Now, companies like HSBC are working with such restaurants to promote their sustainable offerings and encourage climate-friendly dining habits, says Jonathan Castleman, HSBC’s global head of brand and brand partnerships. 

Read more: Singapore’s Top Chefs Tell Us Why Sustainability Matters in the F&B Scene

Greens Galore

Sustainability is the prevailing ethos at HSBC, and the financial institution’s efforts dovetail nicely with the development of the farm-to-table trend: while chefs once were content to purchase greens from vendors, more are now taking the step to plant them in their own backyard. 

This cuts out the carbon footprint required to transport produce, and offers customers super-fresh greens.

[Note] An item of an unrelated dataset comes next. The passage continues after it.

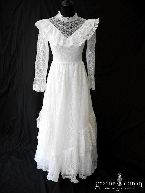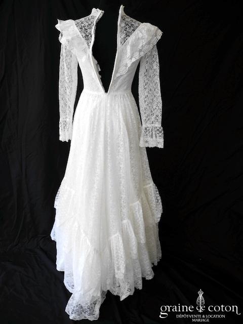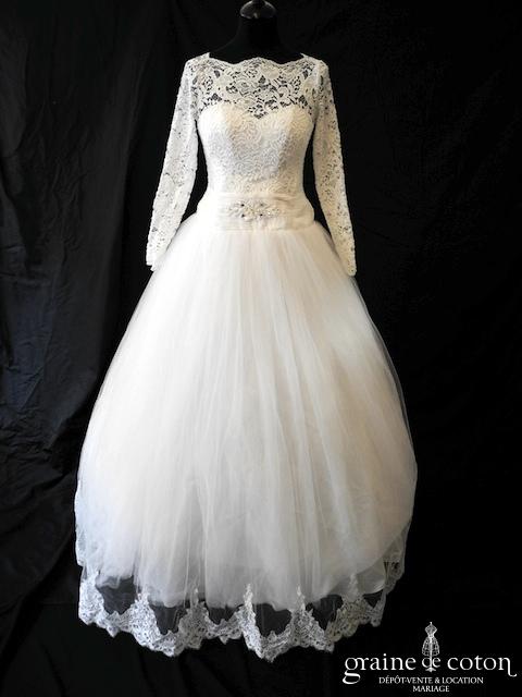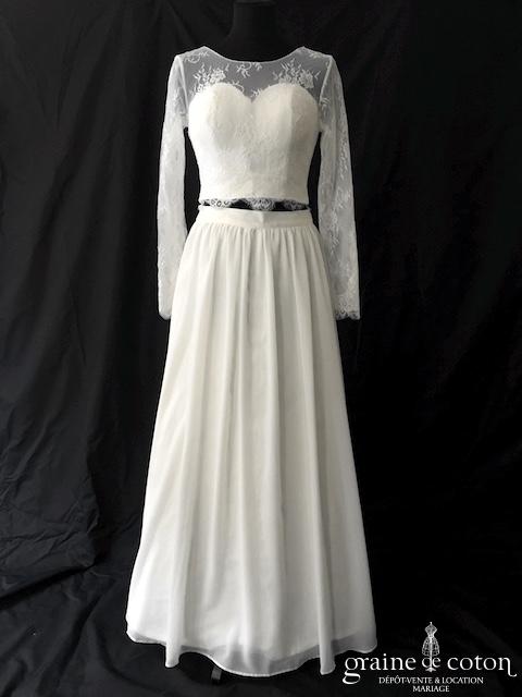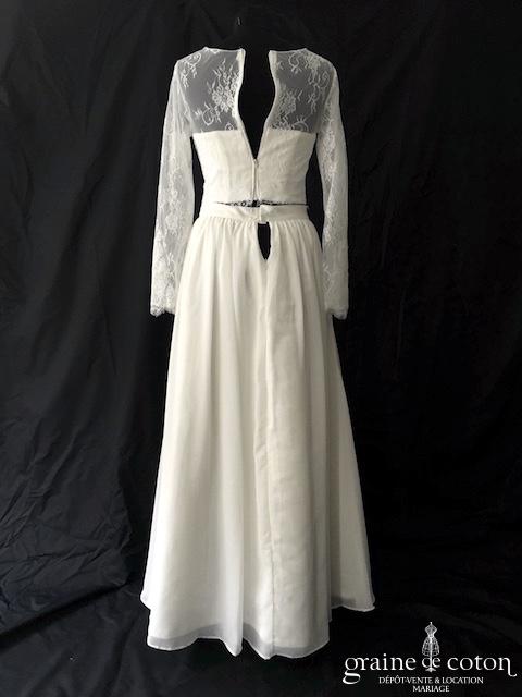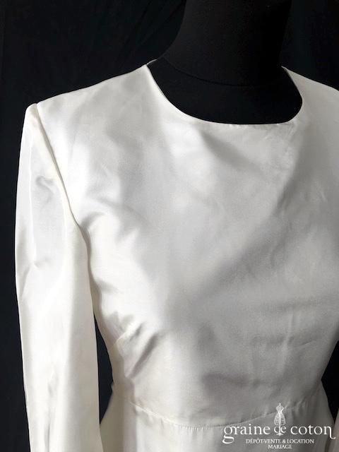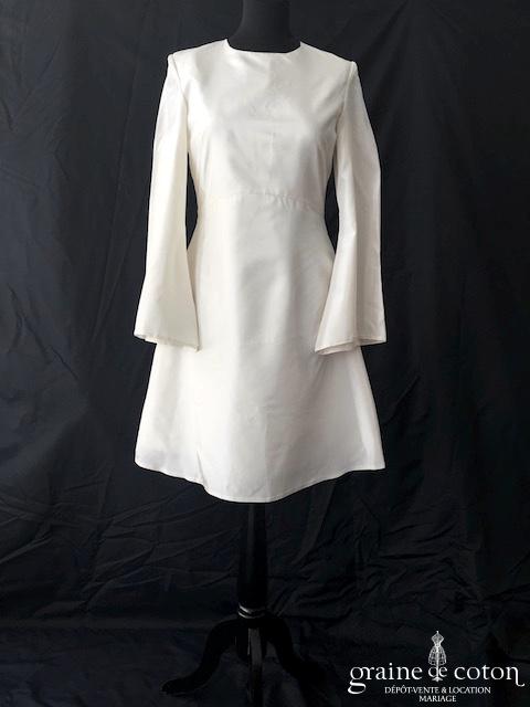 Robe courte en taffetas ivoire à manches longues évasées. Idéale en 2e tenue civile ou pour la soirée.

“When you come across flowers on your plate, they’re freshly picked from our garden,” says a spokesman from European restaurant The Summerhouse at Seletar Aerospace Park, which serves beautiful creations such as the refreshing elderflower sorbet topped with fresh strawberries, mint jelly and petals from its expansive outdoor garden. “We are able to create freely based on seasonal availability, giving us the option to switch things up.”

The restaurant works with vendor Edible Garden City to curate a selection of greens, such as blue pea flowers and sweet potato leaves. Up to 100 per cent of its garnishes are harvested from the garden, and its drinks menu is also curated from the herbs and flowers available.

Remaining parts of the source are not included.